Aim of the exercise →
Repeat, word for word, every line from the line holding "Colorful Block Puzzle" through the final line of the entries below. Skip all pictures.
---+---
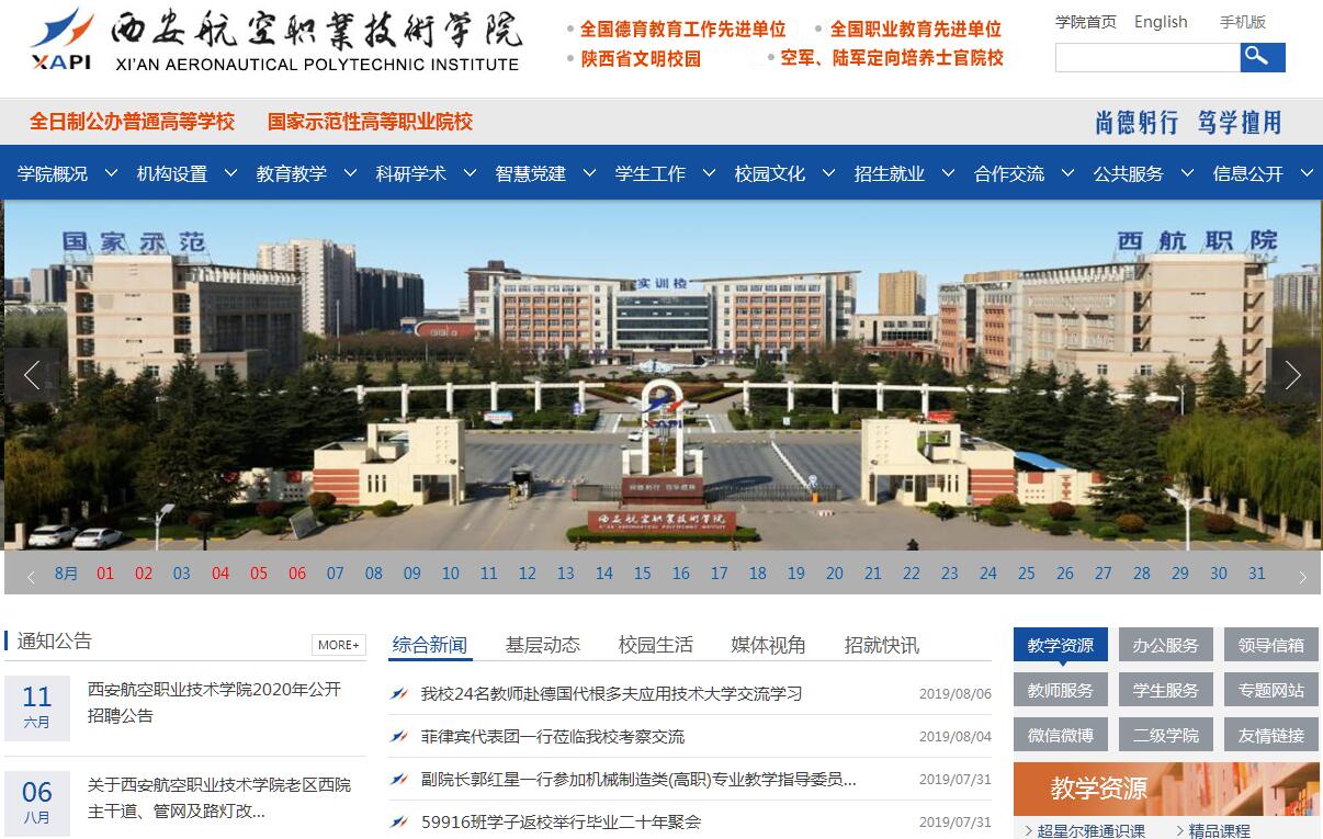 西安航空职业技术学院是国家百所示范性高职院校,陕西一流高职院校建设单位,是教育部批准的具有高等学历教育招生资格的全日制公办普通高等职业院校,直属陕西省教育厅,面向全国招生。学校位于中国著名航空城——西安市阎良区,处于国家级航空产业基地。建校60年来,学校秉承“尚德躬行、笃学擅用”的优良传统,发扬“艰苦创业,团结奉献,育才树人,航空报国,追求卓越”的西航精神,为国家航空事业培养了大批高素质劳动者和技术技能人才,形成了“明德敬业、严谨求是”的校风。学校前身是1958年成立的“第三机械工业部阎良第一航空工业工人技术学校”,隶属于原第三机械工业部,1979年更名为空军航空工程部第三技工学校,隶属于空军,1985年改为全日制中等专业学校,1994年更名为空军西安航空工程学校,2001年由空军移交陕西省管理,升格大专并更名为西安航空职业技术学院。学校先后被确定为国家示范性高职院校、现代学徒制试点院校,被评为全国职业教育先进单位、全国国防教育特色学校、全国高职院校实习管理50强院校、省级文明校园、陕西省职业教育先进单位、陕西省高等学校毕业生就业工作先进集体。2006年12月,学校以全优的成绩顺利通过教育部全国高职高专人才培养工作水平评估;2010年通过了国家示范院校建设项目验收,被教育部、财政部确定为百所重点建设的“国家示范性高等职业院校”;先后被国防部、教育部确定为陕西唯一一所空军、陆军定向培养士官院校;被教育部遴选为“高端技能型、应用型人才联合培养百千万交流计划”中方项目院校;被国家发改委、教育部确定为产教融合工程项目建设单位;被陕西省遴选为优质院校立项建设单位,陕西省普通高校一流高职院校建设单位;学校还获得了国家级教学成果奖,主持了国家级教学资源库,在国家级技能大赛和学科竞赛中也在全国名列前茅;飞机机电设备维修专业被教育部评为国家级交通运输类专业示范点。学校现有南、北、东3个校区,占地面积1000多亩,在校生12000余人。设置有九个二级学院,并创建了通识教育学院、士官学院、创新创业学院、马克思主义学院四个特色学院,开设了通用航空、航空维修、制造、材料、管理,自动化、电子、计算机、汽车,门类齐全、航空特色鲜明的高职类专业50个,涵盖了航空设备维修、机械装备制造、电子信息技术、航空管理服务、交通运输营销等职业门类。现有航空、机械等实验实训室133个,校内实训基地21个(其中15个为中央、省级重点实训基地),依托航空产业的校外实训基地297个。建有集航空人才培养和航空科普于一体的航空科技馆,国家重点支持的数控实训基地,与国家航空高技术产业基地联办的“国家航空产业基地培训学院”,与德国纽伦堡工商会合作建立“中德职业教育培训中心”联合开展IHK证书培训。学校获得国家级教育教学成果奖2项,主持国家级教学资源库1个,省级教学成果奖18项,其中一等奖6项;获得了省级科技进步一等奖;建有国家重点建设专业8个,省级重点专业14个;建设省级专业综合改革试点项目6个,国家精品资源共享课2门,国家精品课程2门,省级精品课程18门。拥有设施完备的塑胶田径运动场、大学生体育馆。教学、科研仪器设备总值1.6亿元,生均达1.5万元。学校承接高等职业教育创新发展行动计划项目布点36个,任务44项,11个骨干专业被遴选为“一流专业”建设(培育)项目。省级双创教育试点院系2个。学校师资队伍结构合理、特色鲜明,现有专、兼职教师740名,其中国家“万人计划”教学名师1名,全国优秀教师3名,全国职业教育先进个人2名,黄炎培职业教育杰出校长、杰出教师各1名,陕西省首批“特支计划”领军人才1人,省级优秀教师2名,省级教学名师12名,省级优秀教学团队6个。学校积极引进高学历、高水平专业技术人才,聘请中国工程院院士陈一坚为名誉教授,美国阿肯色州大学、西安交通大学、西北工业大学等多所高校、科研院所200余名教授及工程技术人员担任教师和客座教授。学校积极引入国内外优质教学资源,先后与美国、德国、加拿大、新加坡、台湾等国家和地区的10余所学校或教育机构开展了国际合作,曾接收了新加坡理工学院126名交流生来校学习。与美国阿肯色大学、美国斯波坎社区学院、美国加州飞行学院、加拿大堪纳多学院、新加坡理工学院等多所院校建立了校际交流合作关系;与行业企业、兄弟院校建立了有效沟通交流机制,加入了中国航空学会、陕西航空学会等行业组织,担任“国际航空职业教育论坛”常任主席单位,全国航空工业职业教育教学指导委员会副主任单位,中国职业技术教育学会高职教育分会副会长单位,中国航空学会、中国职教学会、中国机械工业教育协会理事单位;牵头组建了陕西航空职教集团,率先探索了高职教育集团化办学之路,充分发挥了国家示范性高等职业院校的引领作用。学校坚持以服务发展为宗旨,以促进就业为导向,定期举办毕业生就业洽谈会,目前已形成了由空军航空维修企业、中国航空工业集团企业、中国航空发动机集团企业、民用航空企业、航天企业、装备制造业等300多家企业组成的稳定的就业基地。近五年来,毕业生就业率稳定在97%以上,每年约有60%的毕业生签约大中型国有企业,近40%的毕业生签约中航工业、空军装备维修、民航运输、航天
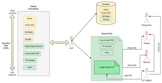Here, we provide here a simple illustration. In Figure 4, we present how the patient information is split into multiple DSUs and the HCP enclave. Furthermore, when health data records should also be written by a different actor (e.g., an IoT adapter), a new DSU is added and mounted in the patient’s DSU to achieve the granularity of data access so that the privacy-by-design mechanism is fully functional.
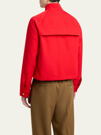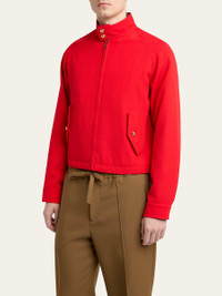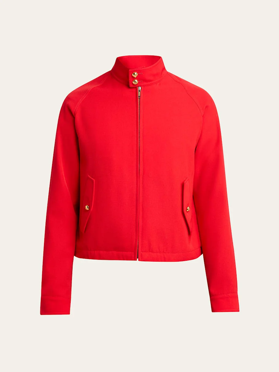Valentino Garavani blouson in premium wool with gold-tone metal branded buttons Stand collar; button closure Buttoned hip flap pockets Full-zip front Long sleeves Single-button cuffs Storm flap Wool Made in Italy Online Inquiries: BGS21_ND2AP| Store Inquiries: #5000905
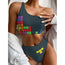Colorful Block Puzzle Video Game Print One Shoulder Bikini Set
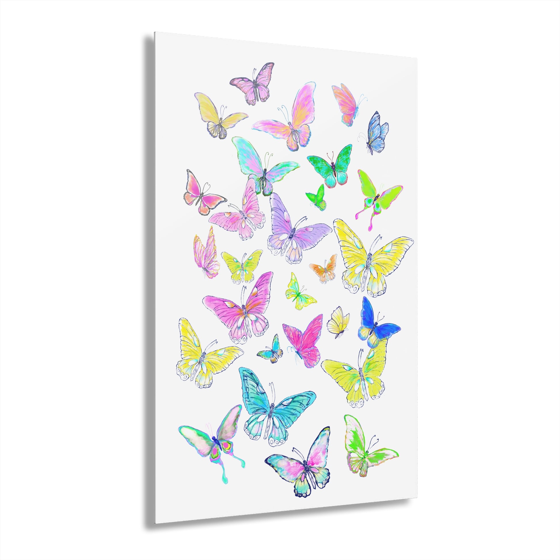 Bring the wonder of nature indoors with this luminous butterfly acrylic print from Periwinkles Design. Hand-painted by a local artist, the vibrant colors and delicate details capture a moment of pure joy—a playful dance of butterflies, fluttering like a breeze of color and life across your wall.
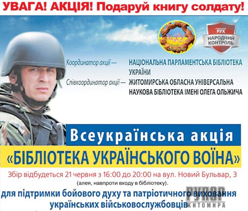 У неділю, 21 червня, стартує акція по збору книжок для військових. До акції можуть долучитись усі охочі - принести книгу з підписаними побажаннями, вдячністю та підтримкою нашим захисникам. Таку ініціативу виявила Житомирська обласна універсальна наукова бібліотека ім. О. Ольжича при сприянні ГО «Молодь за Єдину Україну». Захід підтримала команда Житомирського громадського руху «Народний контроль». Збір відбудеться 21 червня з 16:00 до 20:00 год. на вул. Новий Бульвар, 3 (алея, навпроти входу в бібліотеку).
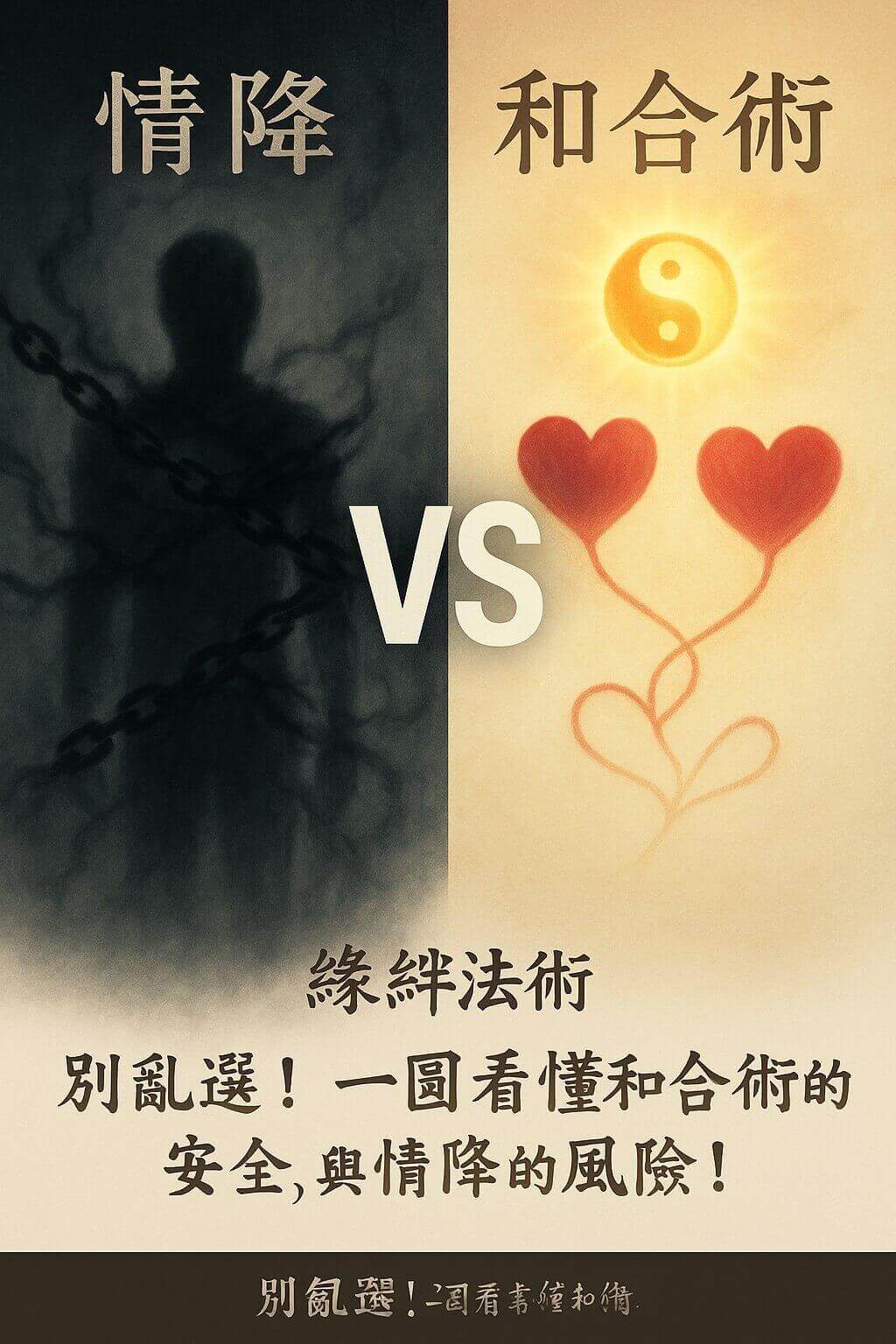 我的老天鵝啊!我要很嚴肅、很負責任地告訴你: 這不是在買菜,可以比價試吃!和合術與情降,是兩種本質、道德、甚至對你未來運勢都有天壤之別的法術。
---+---
Output of the task →
Colorful Block Puzzle Video Game Print One Shoulder Bikini Set
 Bring the wonder of nature indoors with this luminous butterfly acrylic print from Periwinkles Design. Hand-painted by a local artist, the vibrant colors and delicate details capture a moment of pure joy—a playful dance of butterflies, fluttering like a breeze of color and life across your wall.
 У неділю, 21 червня, стартує акція по збору книжок для військових. До акції можуть долучитись усі охочі - принести книгу з підписаними побажаннями, вдячністю та підтримкою нашим захисникам. Таку ініціативу виявила Житомирська обласна універсальна наукова бібліотека ім. О. Ольжича при сприянні ГО «Молодь за Єдину Україну». Захід підтримала команда Житомирського громадського руху «Народний контроль». Збір відбудеться 21 червня з 16:00 до 20:00 год. на вул. Новий Бульвар, 3 (алея, навпроти входу в бібліотеку).
 我的老天鵝啊!我要很嚴肅、很負責任地告訴你: 這不是在買菜,可以比價試吃!和合術與情降,是兩種本質、道德、甚至對你未來運勢都有天壤之別的法術。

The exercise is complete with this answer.